Les risques liés aux crypto-actifs sont évidents, il est temps de réglementer.

L’effondrement de la troisième bourse de cryptoactifs au monde, FTX, et le plongeon subséquent des prix du Bitcoin, de l’Ethereum et d’autres crypto-actifs majeurs, suscitent de nouveaux appels en faveur d’une meilleure protection des consommateurs et d’une réglementation plus stricte de l’industrie des cryptoactifs.
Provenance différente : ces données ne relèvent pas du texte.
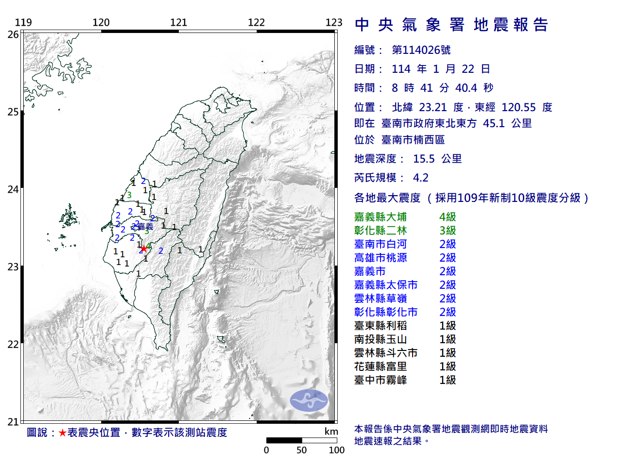 中央氣象署發布顯著有感地震最新消息,今(22)日8時41分,發生芮氏規模4.2有感地震,震央位置在臺南市政府東北東方 45.1 公里 (位於臺南市楠西區),震源深度15.5公里。

La réglementation d’un système hautement volatile et décentralisé reste un défi pour la plupart des gouvernements, nécessitant un équilibre entre la minimisation des risques et la maximisation de l’innovation. Seul un quart des pays d’Afrique subsaharienne réglemente officiellement les crypto-monnaies. Toutefois, comme le montre notre graphique de la semaine, les deux tiers ont mis en place certaines restrictions et six pays – le Cameroun, l’Éthiopie, le Lesotho, la Sierra Leone, la Tanzanie et la République du Congo – ont interdit les crypto-monnaies. Le Zimbabwe a ordonné à toutes les banques de cesser de traiter les transactions et le Liberia a ordonné à une start-up cryptographique locale de cesser ses activités.
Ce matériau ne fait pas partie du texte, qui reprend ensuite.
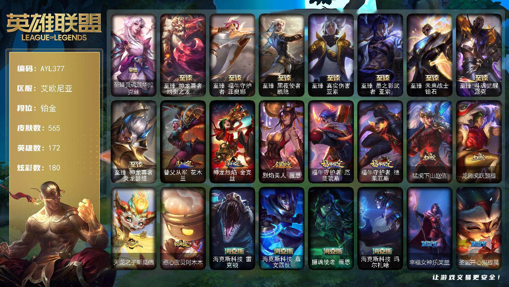 【301584】[15548361]【特价出售/店主推荐】铂金段位-172英雄-565皮肤-180炫彩-2终极-19神话-94限定-78传说-113史诗【热门头像】:爱情之歌头像【至臻皮肤】:至臻灵魂莲华拉克丝,至臻神龙尊者均衡之龙沃利贝尔,至臻福牛守护者菲奥娜,至臻黑夜使者凯隐,至臻真实伤害亚索,至臻墨之影武者亚索,至臻未来战士锤石,至臻斗魂觉醒派克,至臻神龙尊者炎龙瑟提【臻彩皮肤】:天龙之子

Selon Chainalysis, l’Afrique est l’un des marchés cryptographiques à la croissance la plus rapide au monde, mais reste le plus petit, avec des transactions cryptographiques culminant à 20 milliards de dollars par mois au milieu de l’année 2021. Le Kenya, le Nigeria et l’Afrique du Sud comptent le plus grand nombre d’utilisateurs dans la région. De nombreuses personnes utilisent les crypto-actifs pour des paiements commerciaux, mais leur volatilité les rend inadaptés en tant que réserve de valeur.

Si les crypto-monnaies sont adoptées comme monnaie légale, comme en Centrafrique, cela pourrait mettre en péril les finances publiques

Les décideurs politiques craignent également que les crypto-monnaies puissent être utilisées pour transférer illégalement des fonds hors de la région et pour contourner les règles locales visant à empêcher les sorties de capitaux. L’utilisation généralisée des crypto-monnaies pourrait également nuire à l’efficacité de la politique monétaire, créant ainsi des risques pour la stabilité financière et macroéconomique.

Les risques sont d’autant plus grands si les crypto-monnaies sont adoptées comme monnaie légale, comme l’a fait récemment la République centrafricaine. Si les crypto-actifs sont détenus ou acceptés par le gouvernement comme moyen de paiement, cela pourrait mettre en péril les finances publiques. La République centrafricaine est le premier pays d’Afrique, et le deuxième au monde après le Salvador, à faire du bitcoin un moyen de paiement légal. Cette mesure a mis le pays en porte-à-faux avec la Banque des États de l’Afrique centrale (BEAC) – la banque centrale régionale qui dessert la Communauté économique et monétaire de l’Afrique centrale (CEMAC), dont la République centrafricaine est membre – et viole le traité de la CEMAC. L’organe de supervision du secteur bancaire de la BEAC, la Commission bancaire de l’Afrique centrale, a interdit l’utilisation des crypto-monnaies pour les transactions financières dans la région de la CEMAC.